In a certain distribution of numbers, the mean is 50 with a standard deviation of 5 . At least what fraction of the numbers are between 5 and 95 ? At least $\square$ of all the numbers must lie between 5 and 95 . (Type an integer or a simplified fraction.)

Step 1 ：The question is asking for the fraction of numbers that lie between 5 and 95 in a distribution with a mean of 50 and a standard deviation of 5. This is a question about the properties of a normal distribution.

Step 2 ：According to the empirical rule (or 68-95-99.7 rule), for a normal distribution, about 68% of the data falls within one standard deviation of the mean, about 95% falls within two standard deviations, and about 99.7% falls within three standard deviations.

Step 3 ：In this case, 5 is 9 standard deviations below the mean and 95 is 9 standard deviations above the mean. Therefore, we can say that almost all (or very close to 100%) of the data falls within this range.

Step 4 ：However, the question asks for the minimum fraction of numbers that must lie within this range.

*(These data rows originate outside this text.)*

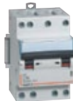
4 079 07
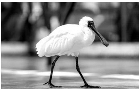
観光・環境の観点から市の鳥に制定すべき!

総務企画部長 貴重なクロツラヘラサギが継続して確認されるよう湿地の環境状況の把握や清掃活動等を引き続き行いながら関係団体とも意見交換を行い、制定に対する市民等の機運が高まることも重要な観点であるので検討をしていきたい。
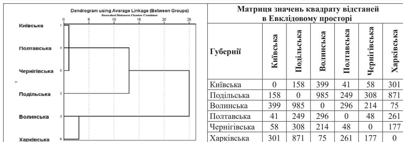
Рис. 3. Результати кластерної класифікації губерній за даними табл. 3; 4

This is a question about Chebyshev's inequality, which provides a lower bound for the amount of data within k standard deviations of the mean for any distribution.

Step 5 ：According to Chebyshev's inequality, at least \(1 - \frac{1}{k^2}\) of the data must be within k standard deviations of the mean.

Step 6 ：In this case, k = 9, so at least \(1 - \frac{1}{81} = \frac{80}{81}\) of the data must be within this range.

Step 7 ：Final Answer: \(\boxed{\frac{80}{81}}\)